→ **Items from a dataset**:
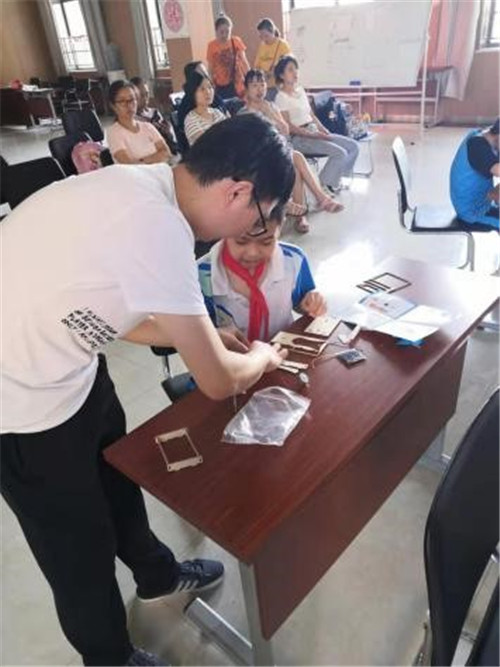首先,孩子們在家長的帶領(lǐng)下在居委會活動室集合。在活動開始前,為了活躍氣氛,木蘭花的社工馮金運與孩子們玩起了一個個小游戲,惹得孩子哈哈大笑。此次活由機器人制作的湯老師帶領(lǐng)孩子們制作太陽能風(fēng)扇?;顒娱_始后,湯老師先給孩子們看了一個與太陽能風(fēng)扇有關(guān)的短片,讓孩子們了解一下什么是太陽能風(fēng)扇,接著,孩子們開始根據(jù)湯老師的演示與指導(dǎo)拼裝太陽能風(fēng)扇,雖然制作它不容易,但是孩子們還是完成的自己的作品。
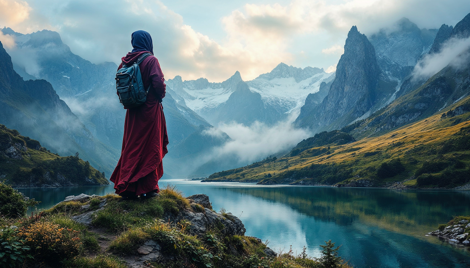 A person in a red robe and blue headscarf stands by a mountain lake, surrounded by misty peaks and serene reflections.
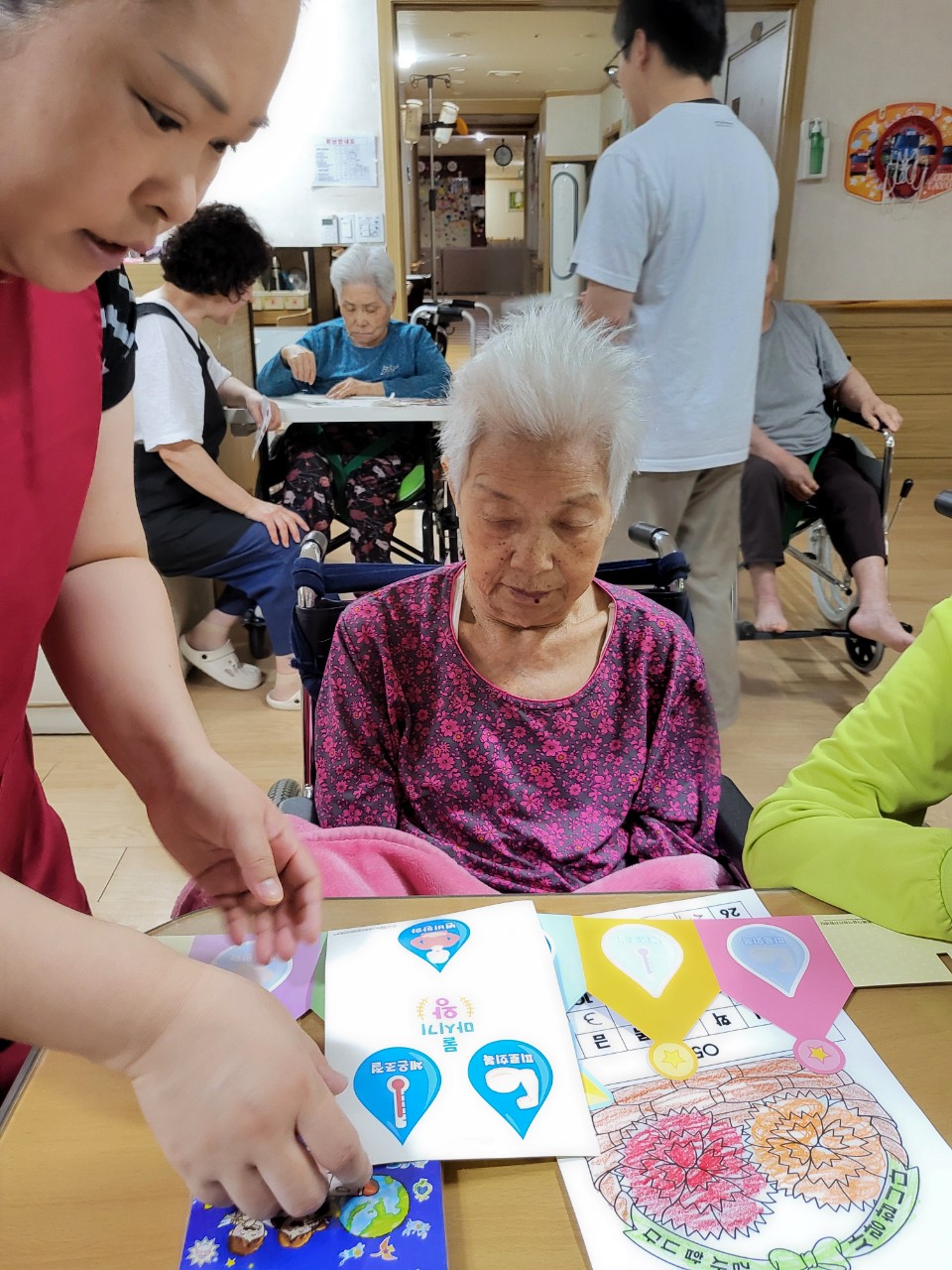 2. 작업과정에 대해 순서대로 기억해보며 오늘 작업에 과정에 대해 어르신이 어느 정도 기억하는지 확인한다.
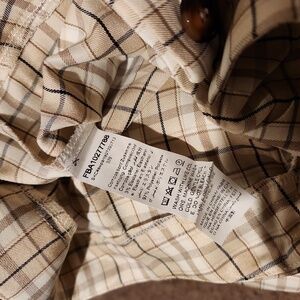 New with tags, WDIRARA women's plaid tartan high-rise crop pants in size medium. Tan, black, and white plaid pattern.
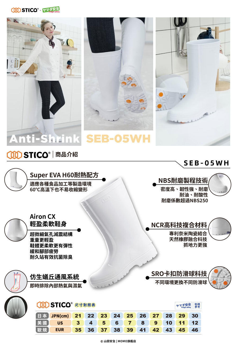 ●符合防滑規定,食品工廠指定使用專業工作鞋
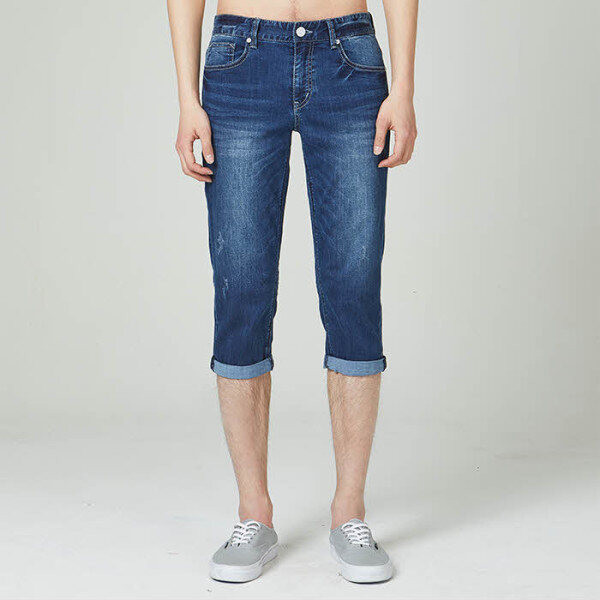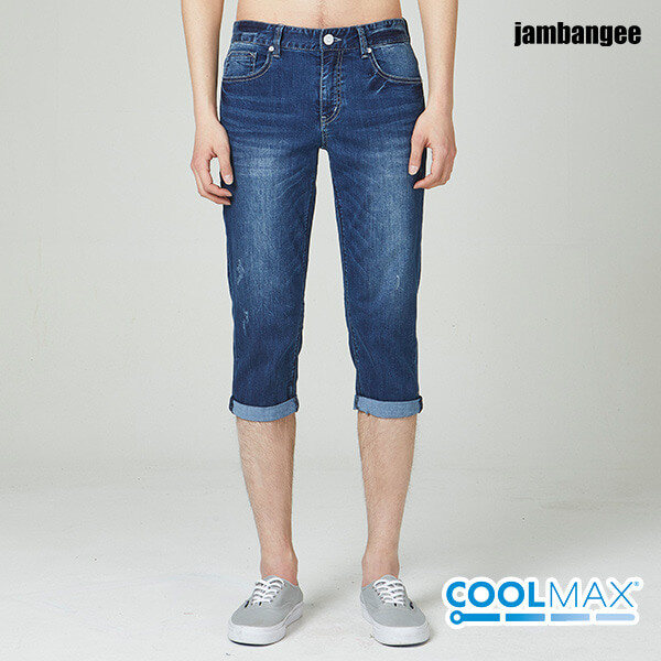 흡습성이 뛰어나 땀을 빨리 배출시켜 시원함을 느낄 수 있는 쿨맥스 소재로 세줄스티치 포인트에 MB톤 캣엠보 시와 워싱의 남성용 7부 롤업 데님스타일.
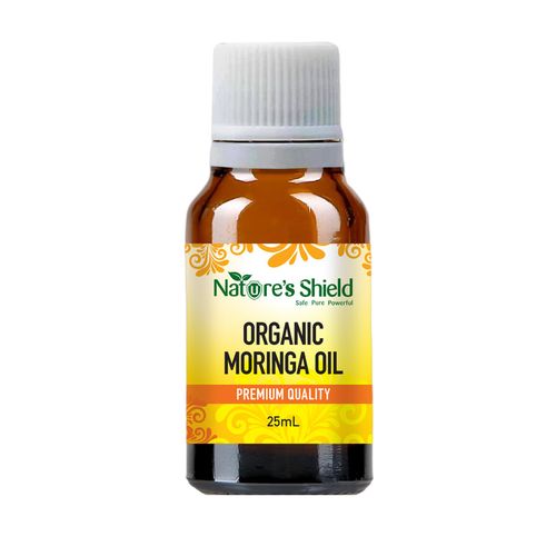Natures Shield Cold-Pressed USDA certified organic Moringa seed Oil is a superfine oil with a fresh green aroma. This nutrient rich oil can be used on its own for skin and cosmetic needs or blended with other ingredients for speciality beauty treatments .

→ **Assignment**: With the images omitted, repeat all the data word for word.

→ **Answer space**:
首先,孩子們在家長的帶領(lǐng)下在居委會活動室集合。在活動開始前,為了活躍氣氛,木蘭花的社工馮金運與孩子們玩起了一個個小游戲,惹得孩子哈哈大笑。此次活由機器人制作的湯老師帶領(lǐng)孩子們制作太陽能風(fēng)扇?;顒娱_始后,湯老師先給孩子們看了一個與太陽能風(fēng)扇有關(guān)的短片,讓孩子們了解一下什么是太陽能風(fēng)扇,接著,孩子們開始根據(jù)湯老師的演示與指導(dǎo)拼裝太陽能風(fēng)扇,雖然制作它不容易,但是孩子們還是完成的自己的作品。
 A person in a red robe and blue headscarf stands by a mountain lake, surrounded by misty peaks and serene reflections.
 2. 작업과정에 대해 순서대로 기억해보며 오늘 작업에 과정에 대해 어르신이 어느 정도 기억하는지 확인한다.
 New with tags, WDIRARA women's plaid tartan high-rise crop pants in size medium. Tan, black, and white plaid pattern.
 ●符合防滑規定,食品工廠指定使用專業工作鞋
 흡습성이 뛰어나 땀을 빨리 배출시켜 시원함을 느낄 수 있는 쿨맥스 소재로 세줄스티치 포인트에 MB톤 캣엠보 시와 워싱의 남성용 7부 롤업 데님스타일.
Natures Shield Cold-Pressed USDA certified organic Moringa seed Oil is a superfine oil with a fresh green aroma. This nutrient rich oil can be used on its own for skin and cosmetic needs or blended with other ingredients for speciality beauty treatments .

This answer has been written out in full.